I filled up (diesel & water) before catching the ferry to Barra at Tesco in Oban last September, but that was a big chain filling station staffed by people who don't have to pay the bills. So if using small local filling stations I would suggest topping up as often as you can, as sitting on their forecourt whilst taking on 100litres might not go down too well if they are on a water meter and paying the bill themselves.

I would also think it would be a courtesy to ask if it's OK as well.


----------



## Codfinger (Jan 11, 2008)

*Water*

On our trip to the Highlands last year we managed ok for water but taps were few and far between as was fuel, I did keep a spare 5 gals of fuel and water in our garage just in case!


----------



## ardgour (Mar 22, 2008)

We found that villages in the highlands were well served by public conveniences which came in handy for emptying the cassette and filling with water. Just keep a lookout as you travel round and take the very sensible advice once uttered by Prince Philip "never pass up the opportunity to use a toilet" that way you should be Ok for water

Chris


----------



## steco1958 (Mar 5, 2009)

For fresh water, you can always go into the local cemetery there is usually a tap available.


----------



## teemyob (Nov 22, 2005)

*Water*

At a campsite in Aviemore (High Range) the cheeky gets charge you 20p per 17 litres. And that is if you are staying on-site and paying for a pitch.

Drinking water in Scotland cost around 1p per 10 litres

What I would suggest is if filling up in a Service station, ask if they would mind if you fill your water tank when you are about to spend money on fuel.

If they don't agree go elsewhere.


----------



## Jezport (Jun 19, 2008)

Did the Scottish Islands in August.

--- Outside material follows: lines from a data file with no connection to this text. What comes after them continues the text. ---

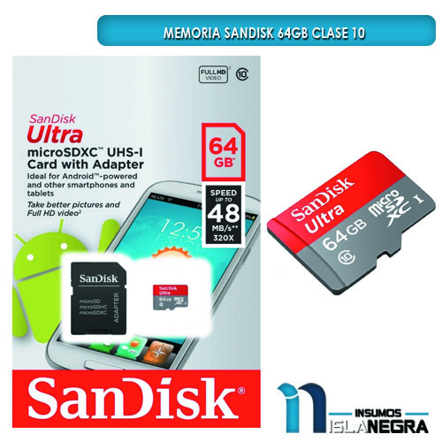 MEMORIA SD SANDISK HD 64GB CLASE 10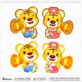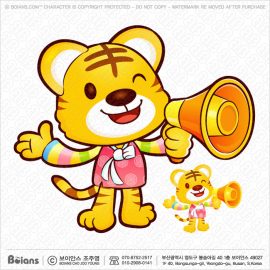 보이안스 벡터 호랑이 캐릭터는 확성기를 들다. 호랑이띠 캐릭터 일러스트. SKU: KOREA004451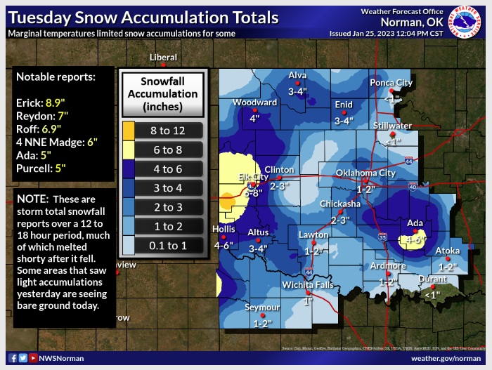 snowflakes to the size of half-dollars that fell into a near windless environment, an oddity on most days in Oklahoma. West central Oklahoma saw 6-8 inches of snow, with Erick leading the state at 8.9 inches. Locations in central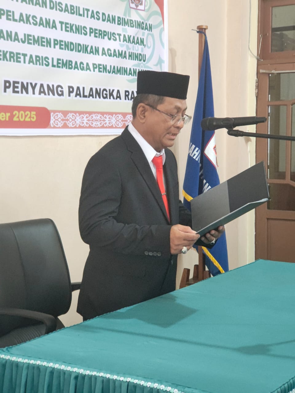 IAHNTP News,– Institut Agama Hindu Negeri Tampung Penyang (IAHN-TP) Palangka Raya held an inauguration and oath-taking ceremony for several newly appointed officials within the institution on Monday (22/9). The event, led directly by the Rector of IAHN-TP Palangka Raya, Dr. Mujiyono, S.Ag., M.Ag., took place in the meeting room on the second floor.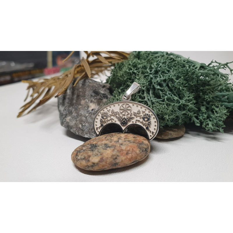 Zawieszka wykonana jest z polerowanego srebra 925została głęboko wygrawerowana i ręcznie wypolerowana, a w zagłębieniach przyciemniona naturalną patyną. Średnica ok 25 mm.

Didnt have a problem, just be polite and ask first.


----------



## eddievanbitz (May 1, 2005)

We bought the new dehydrated water tablets from Outdoorbits

Pricey but invaluable for back up.

You buy them in 25, 50 or 100 Ltr tablets

www.outdoorbits.com

Eddie


----------



## Spacerunner (Mar 18, 2006)

eddievanbitz said:


> We bought the new dehydrated water tablets from Outdoorbits
> 
> Pricey but invaluable for back up.
> 
> ...


I've used these, they are very good and give first class drinking water.

Only problem is finding a water supply to re-hydrate them. 8)


----------



## JohnsCrossMotorHomes (Jul 21, 2007)

Hi Eddie,

Do you mix them with Smash for instant potato?

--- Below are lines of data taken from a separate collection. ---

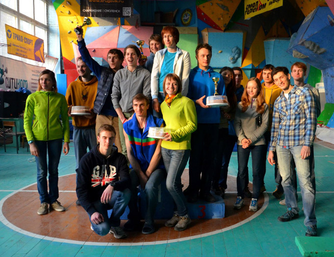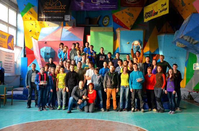 В конце марта в Смоленск снова съехались скалолазы на традиционную Смолу. На два дня наш школьный спортзал опять превратился в Царство боулдеринга. Была построена ещё одна плоскость, теперь их стало уже шесть. 29 марта в 10 утра началась весенняя битва двух команд: 107 спортсменов из Москвы, Минска, Санкт-Петербурга, Калуги, Орла, Бобруйска, Гомеля, Могилёва, Екатеринбурга, Ижевска, Смоленска сражались с четырьмя отважными подготовщиками - Игорем Гусаком, Ваней Борщевым, Володей Трабуровым, Ваней Калентеенковым. Команда постановщиков подошла к этим соревнованиям в отличной физической и технической форме и была мотивирована, как никогда.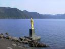 仕方なく辰子像の近くの「潟前山森林公園キャンプ場」に向かう。まだ夕方なのに管理棟はあるが人の気配なし。公園のようなところのベンチのそばにテントを張る。ただであった。高台にあり、トイレもあるし電話もある。お勧めである。田沢湖がきれいだ。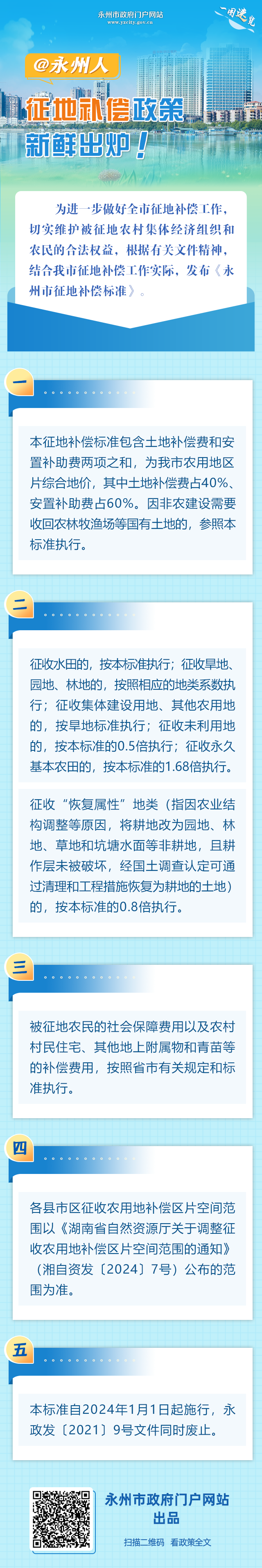 一圖速覽丨@永州人 征地補償政策新鮮出爐!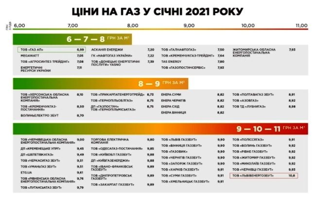 С 1 января в Украине начнут увеличиваться цены на газ для бытовых потребителей, поскольку большинство газоснабжающих компаний Украины повысили цены. Цены поставщиков на данный момент колеблются от 7,10 до 10,8 грн за кубометр.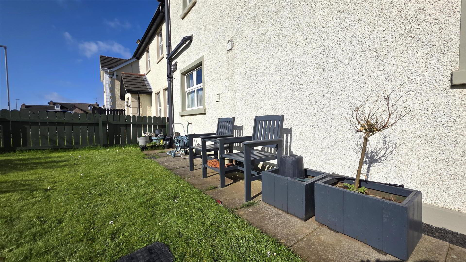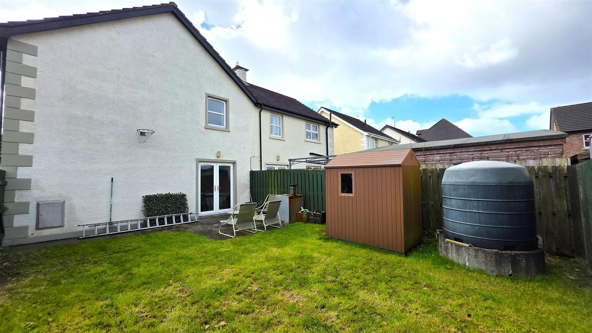 Timber pedestrian gate to fully enclosed garden to rear in lawn and paved patio. 6ft timber fencing. Space for garage. PVC oil tank. Galvanised prefabricated oil-fired boiler house. - IMPORTANT NOTE TO ALL POTENTIAL PURCHASERS;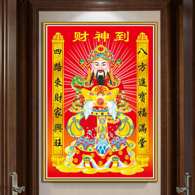财神爷生意兴隆2026新款手工刺绣十字绣线绣客厅竖版玄关财源广进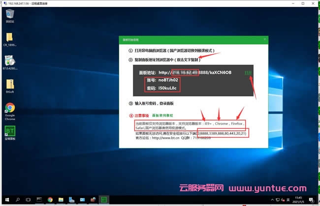 4、面板首次安装完成后,会有初始面板信息的提示。(如图):
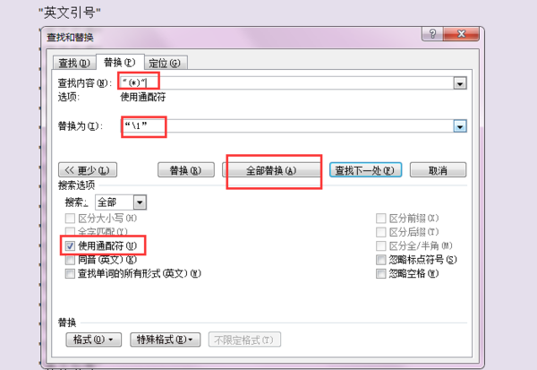 2.打开Word替换对话框,在查找框内输入("*")(英文引号和*号。注意只输入括号内的符号,括号本身不要输入,下同),选中“使用通配符”,然后在替换框内输入(^&^c),C要小写。把光标放在文档的开始处,单击“全部替换”,经过替换之后,我们看到文中所有的英文下引号都由单个(")变为双个("")了,这是为后面Word区分英文上引号和下引号打基础。

Do they go well in choccie drinks

Peter


----------



## pippin (Nov 15, 2007)

I find that they work much better if you add them to gin or whisky - it seems to make the drink stronger.

An added bonus and well worth the cost!


----------



## eddievanbitz (May 1, 2005)

Spacerunner said:


> I've used these, they are very good and give first class drinking water.
> 
> Only problem is finding a water supply to re-hydrate them. 8)


Tesco's or a garage forecourt works very well !

Cheers

Eddie

(I do like to help :wink: )


----------



## Pudsey_Bear (Sep 25, 2008)

Ho Ho.

We used to run out all the time, now we seem to be able to for a few days, it's mostly down to water conservation, use the water from the spuds to make tea, etc, it just needs a bit more sugar to hide the salty taste.

Cemeteries are OK, but I always feel I'm being watched, so I do a little tidying while I'm there.

Most petrol stations have water for radiators, but they take an age so only if your desperate.

Try to use toilet facilities whenever you can, as this saves both water and less trips to empty the cassette.

Morrisons are also a good source of water.

Kev.


----------



## Spacerunner (Mar 18, 2006)

I've even tried those hydrogen fuel cell thingamajigs. the only problem is that you need to carry an axe to chop them up to get them into the deisel filler pipe. Suppose I could try the unleaded ones which are thinner.


----------



## dovtrams (Aug 18, 2009)

:lol: 

why can't we fit a funnel on the roof of our mh and collect rain water into a tank as we go along, plenty of it here in scotland. in fact a little too much at the moment.

dave


----------



## Pudsey_Bear (Sep 25, 2008)

Something like that would be useful to fill the toilet tank.

Kev.


----------



## geordie01 (Apr 20, 2006)

can you put them in the freezer to use as ice cubes ?


----------



## pippin (Nov 15, 2007)

Oh yes, they work well as ice cubes.

The only problem is that you don't get that very satisfying "clink - clink" in the glass.


----------